Multistage development of short-range spin correlations and weak magnetic order in the two coupled trillium lattices of K2Fe2(MoO4)(PO4)2

Abstract

Trillium lattices, where magnetic ions form a chiral network of corner-sharing triangles, offer a three-dimensional magnetic framework that can host fragile classical spin-liquid states. Herein, we report on the magnetization, specific heat, electron spin resonance (ESR), and muon spin relaxation (μSR) of K2Fe2(MoO4)(PO4)2 single crystals.
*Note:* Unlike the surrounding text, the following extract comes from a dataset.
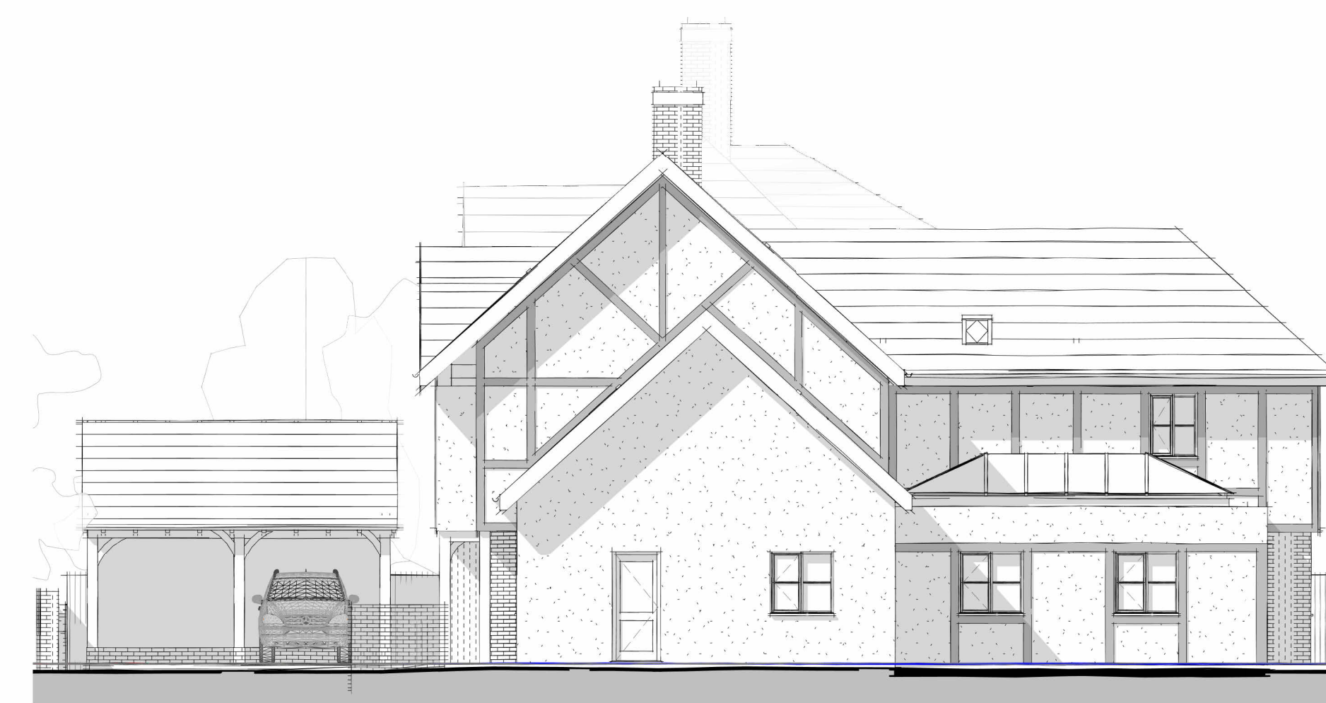
SOUTH-EAST ELEVATION 1 : 100

Magnetization measurements reveal strong antiferromagnetic interactions coexisting with weak magnetic order at T N = 5.2~K, as evidenced by a λ-like anomaly observed in the magnetic susceptibility, a critical enhancement of the muon spin relaxation rate and the wipeout of the ESR signal as the temperature approaches T N. Above T N, two distinct developments of short-range spin correlations are identified at T H = 34~K and T L = 10~K, supported by magnetic specific heat anomalies and the temperature dependence of the ESR linewidth and g-factor. Upon cooling below T N, an anomaly appears at T* = 3.2~K in thermodynamic observables and the muon spin relaxation rate, indicative of spin reorientation driven by residual interactions. Despite the presence of magnetic order, μSR experiments reveal dynamically fluctuating spins persisting even in the ordered state. Moreover, the suppression of T N under applied magnetic fields (μ0H ≥ 2~T) suggests that K2Fe2(MoO4)(PO4)2 constitutes a promising candidate for exploring field-induced spin-liquid behavior in three-dimensionally coupled trillium lattices.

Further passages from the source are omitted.